Question

50 mL of 0.2 molal urea solution (density = 1.012 g mL⁻¹ at 300 K) is mixed with 250 mL of a solution containing 0.06 g of urea. Both solutions were prepared in the same solvent. The osmotic pressure (in Torr) of the resulting solution at 300 K is ___. 
[Use: Molar mass of urea = 60 g mol⁻¹ ; gas constant, R = 62 L Torr K⁻¹ mol⁻¹; Assume, Δ_mixH = 0, Δ_mixV = 0]

Answer 1

Urea Solution and Osmotic Pressure Calculation

Mole of Urea = 0.2

Weight of Urea is: \[ 0.2 \times 60 = 12 \, \text{g} \] 

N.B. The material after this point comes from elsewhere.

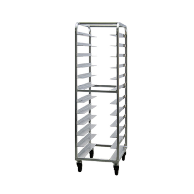 The New Age Industrial 97745 Tray Retrieval Rack Mobile Full Height is an expertly designed unit tailored for efficient tray handling in various food service environments. This mobile, full-height rack is engineered with open sides to facilitate easy access and handling of trays, with a capacity to accommodate up to 24 trays measuring 14 inches by 18 inches, including both trapezoid and round shapes. The rack features a 5-inch angle spacing between trays, ensuring adequate air circulation and space for versatile tray storage options. Built with durable aluminum construction, this tray retrieval rack emphasizes long-lasting performance and corrosion resistance, essential for maintaining hygienic standards in demanding food service operations. With its end-loading design, users can effortlessly load and retrieve trays, enhancing operational efficiency in high-paced settings. The rack is equipped with 5-inch platform swivel casters, allowing for smooth mobility and easy repositioning within the kitchen or service area. Certified by NSF, this product assures compliance with public health and safety standards and is proudly made in the USA, highlighting its high-quality craftsmanship. The New Age Industrial 97745 tray retrieval rack meets the needs of diverse market segments, including institutional kitchens, catering services, and restaurant establishments, by providing a reliable and efficient solution for tray storage and handling.

Weight of solvent = 1000 g

The volume of the solution is: \[ \frac{1012}{1.012} = 1000 \, \text{ml} \]

50 ml solution contains: \[ \frac{0.2 \times 50}{1000} = 0.01 \, \text{moles} \]

The concentration of the solution is: \[ \frac{0.01 + 0.001}{\frac{300}{1000}} = 0.0366 \]

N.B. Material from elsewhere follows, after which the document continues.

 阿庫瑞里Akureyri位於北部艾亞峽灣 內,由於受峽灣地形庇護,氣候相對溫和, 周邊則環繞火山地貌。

Using the formula for osmotic pressure: \[ \pi = C R T = 0.0366 \times 62 \times 300 = 682 \]

Final Answer:

The osmotic pressure \( \pi \) is 682.

Answer 2

1. Given:
   • Mole of urea = 0.2
   • Weight of urea = 0.2×60=12 g
   • Weight of solvent = 1000 g
   • Weight of solution = 1012 g
2. Calculations:
   • Volume of solution = \(\frac{1012}{1.012} = 1000 \, \text{ml}\)
   • Mole of urea in 50 ml solution = \(0.2 \times \frac{50}{1000} = 0.01\)
   • Mole of urea in other solution = \(\frac{0.06}{60} = 0.001\)
   • Concentration of solution = \(0.01 + \frac{0.001}{300} = 0.0366\)
   • Osmotic pressure \(\pi = C \cdot R \cdot T = 0.0366 \times 62 \times 300 = 682\)

So, the osmotic pressure of the solution is 682 Torr.